Getting Segments from DCLProject
You can get all the segments from captures in any DCLProject along with the sensor data (as long as the senor data has been downloaded) using the get_capture_segments API.
from sensiml.dclproj import DCLProject
# Put the path to dclproj file for the project you would like to connect to
dclproj_path = r'<path-to.dclproj>'
dcl = DCLProject(path=dclproj_path)
capture= "<capture-name>"
gt_session = "<ground-truth-session-name>"

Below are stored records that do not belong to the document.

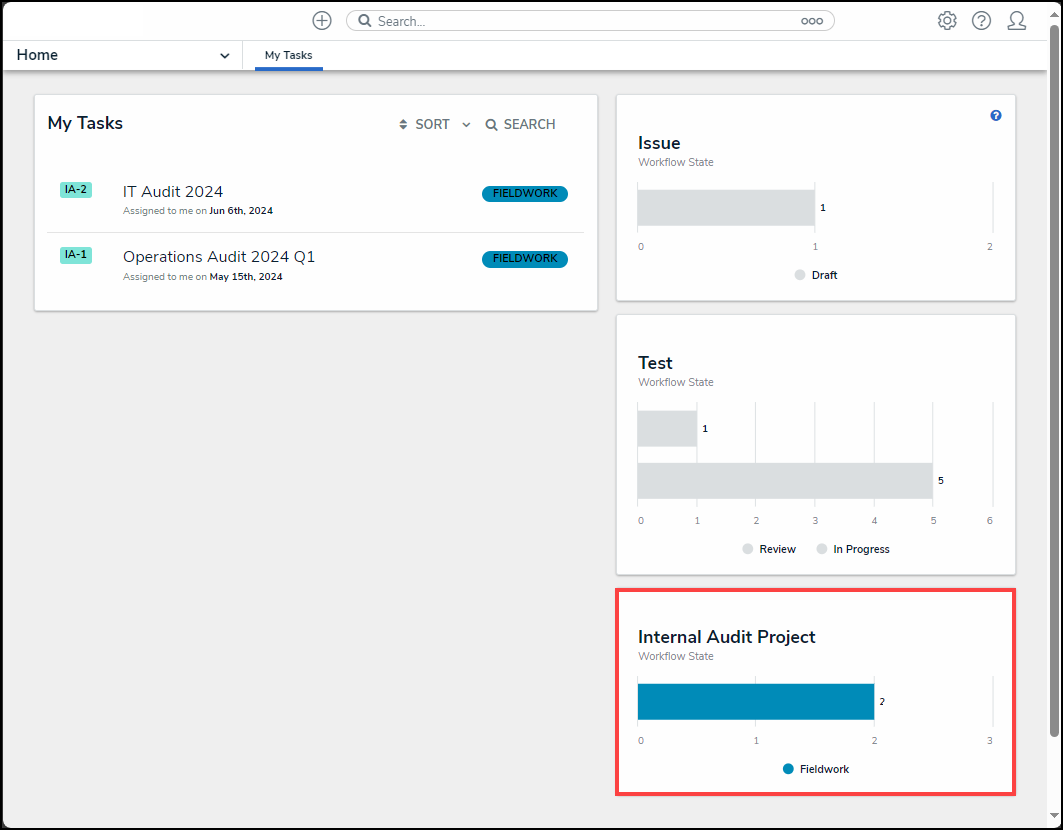 - From the Home screen, click an internal audit project in the fieldwork stage from the My Tasks section.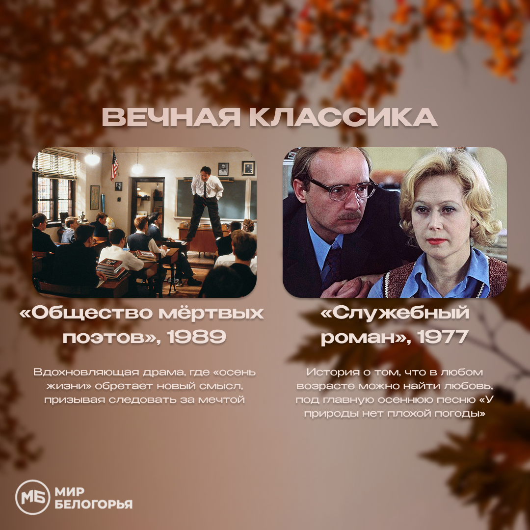 «Общество мёртвых поэтов». Вдохновляющая драма, где «осень жизни» обретает новый смысл, призывая следовать за мечтой.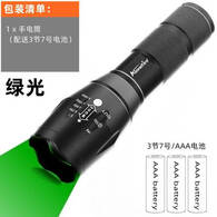 ALONEFIRE强光LED绿光变焦手电筒铝合金远射便携超亮户外 E17绿光手电筒(配3节7号电池)_绿光一档位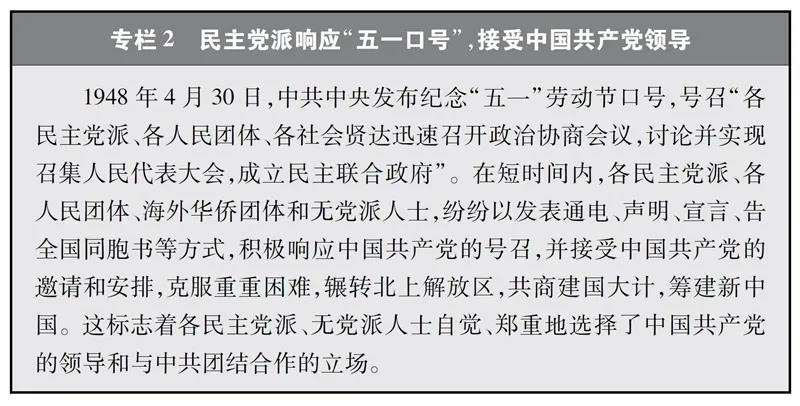 中国新型政党制度形成于协商筹建新中国的伟大实践。1948年4月,中国共产党发布纪念“五一”劳动节口号,提出召开政治协商会议、成立民主联合政府的主张,得到各民主党派、无党派人士和社会各界热烈响应,标志着各民主党派、无党派人士公开自觉接受中国共产党的领导,揭开了中国共产党同各党派、各团体、各族各界人士协商建国的序幕,奠定了中国共产党领导的多党合作和政治协商制度的基础。1949年9月,中国人民政治协商会议第一届全体会议召开,通过《中国人民政治协商会议共同纲领》,规定:在普选的全国人民代表大会召开以前,由中国人民政治协商会议的全体会议执行全国人民代表大会的职权。在普选的全国人民代表大会召开以后,中国人民政治协商会议得就有关国家建设事业的根本大计及其他重要措施,向全国人民代表大会或中央人民政府提出建议案。中国新型政党制度由此确立。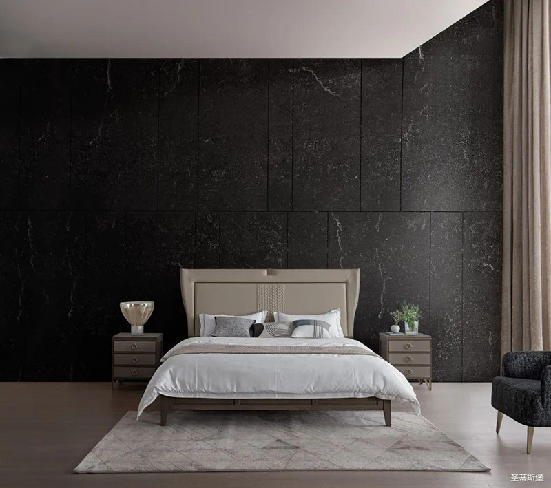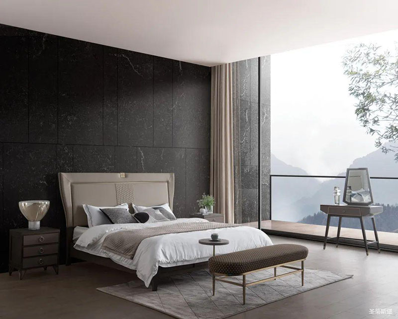 次臥床頭背景沿用了暗色大理石護墻,空間層次分明,簡約時尚的米色床屏糅合金屬鑲嵌與真皮編織藝術(shù),看似舒適隨意,卻在極簡中透著淡淡的奢華感。大面積的落地窗讓自然光傾入室內(nèi),拉上與床屏同色系的窗簾,令次臥的室內(nèi)空間明暗有度。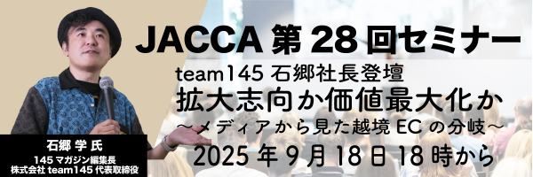 9月18日(木)18時からteam145 石郷社長登壇:拡大志向か価値最大化か─メディアから見た越境ECの分岐─(登壇者:石郷学氏)を行います。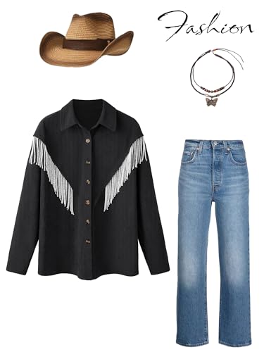HOT ! Nlife Womens Corduroy Nashville Sparkly Rhinestone Fringe Shacket Concert Outfits Long Sleeves Spakle Tassel Shirt Jacket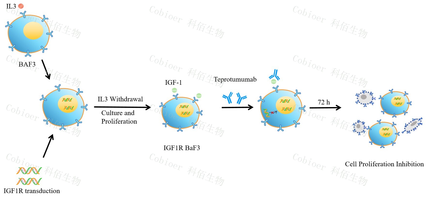 BaF3(小鼠原 B 細(xì)胞)的生長(zhǎng)和增殖需要 IL-3 的維持。通過(guò)引入各種表達(dá)激酶的基因, 能作為 BaF3 的驅(qū)動(dòng)基因,讓 BaF3 不再依賴(lài) IL-3 而增殖,進(jìn)而激酶基因成為 BaF3 增殖依 賴(lài)的驅(qū)動(dòng)基因,用于評(píng)估小分子藥物對(duì)激酶的靶向抑制作用,原理及流程見(jiàn)下圖所示。![]() Figure 1. IGF1R BaF3 細(xì)胞模型原理圖 |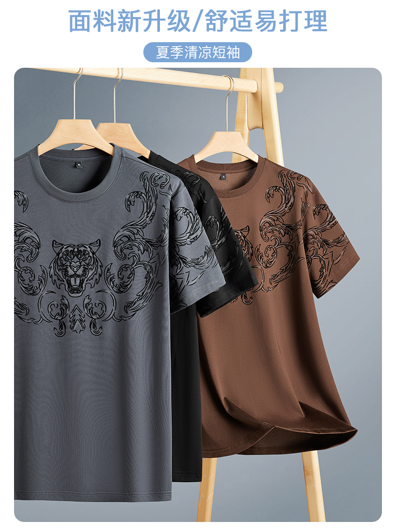 【丝光棉】【新款DPF】大依优型大码短袖T恤圆领加肥加大男装大号大码上衣男士休闲半袖夏季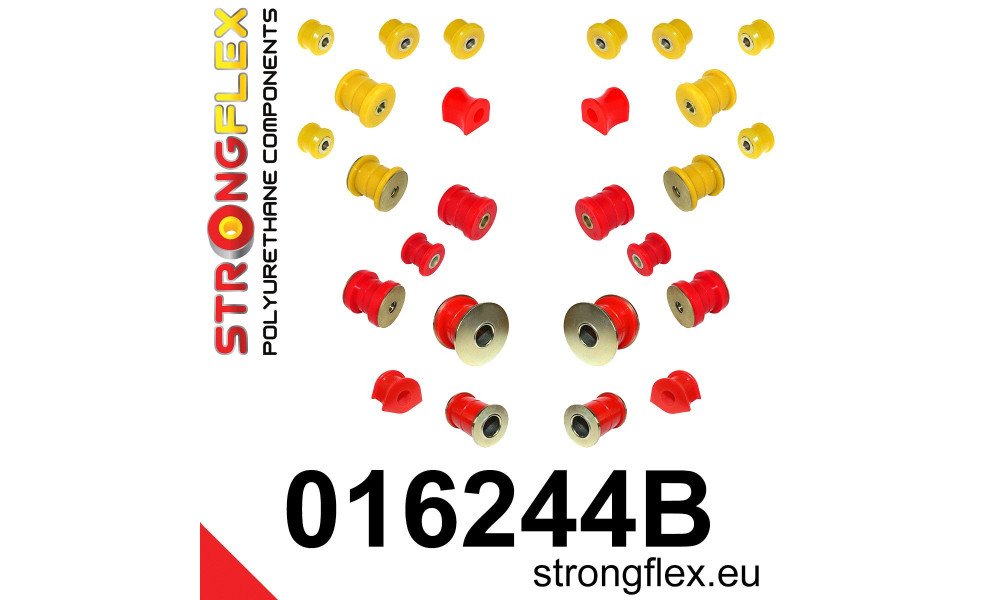 Certain bushes in this kit are exclusively available in 90ShA hardness (yellow) due to the original rubber bush's hard compound. Utilizing the 80ShA hardness bush (red) will revert the driving experience to that of the original rubber bush.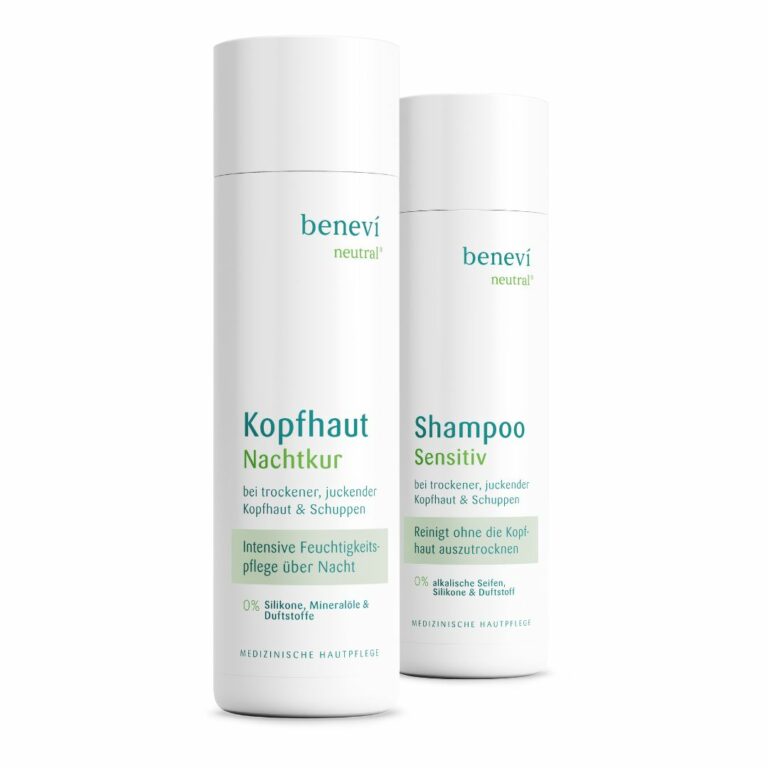 Das geht besonders gut mit Lotionen wie beispielsweise der benevi neutral KOPF-LOTION 50ml (mit Applikator für tagsüber) oder der benevi Kopfhaut-NACHTKUR 200ml (für eine langeinwirkende KUR über Nacht).

gt_segs = dcl.get_capture_segments([capture], sessions=[gt_session])
Manipulating Segments
There are a number of built in filters that you can use to clean up the results. You may need to build your own to post-process the dataset before computing the confusion matrix
join_segments: Join neighboring segments who are within a delta distance of each other
filter_segments: Remove segments whose length is smaller than a min width
merge_segments: Merge overlapping or near segments with the same label
remove_overlap: Remove the overlap between two segments by shrinking the overlapping segments so they are neighboring segments
from sensiml.dclproj.visualizations import plot_segment_labels
# merge overlapping segments and then filter them so only segments
# that are greater than 4000 will be kept. Results are returned as DataFrame
merged_filtered_segments = gt_segs.merge_segments().filter_segments(min_length=4000)
data = dcl.get_capture(capture)
# plot the resulting segments against the capture file
plot_segments_labels(
merged_filtered_segments,
data=data,
labels=gt_segs.label_values,
title="Merged then filtered Segments",
)
Computing Confusion Matrix
You can compute the confusion matrix between DataSegments from two sessions across the same capture using the confusion_matrix API
gt_segs = dcl.get_capture_segments([capture], sessions=[gt_session])
pred_segs = dcl.get_capture_segments([capture], sessions=[pred_session])
pred_segs.confusion_matrix(gt_segs)
Uploading Segments
You can also upload the segments in a DataSegments object using the upload API. We often use this in cases where want to modify segment label_values. In this example, we modify the predicted segments by updating the labels with the nearest overlapping label from the ground truth. Then we upload the updated label values.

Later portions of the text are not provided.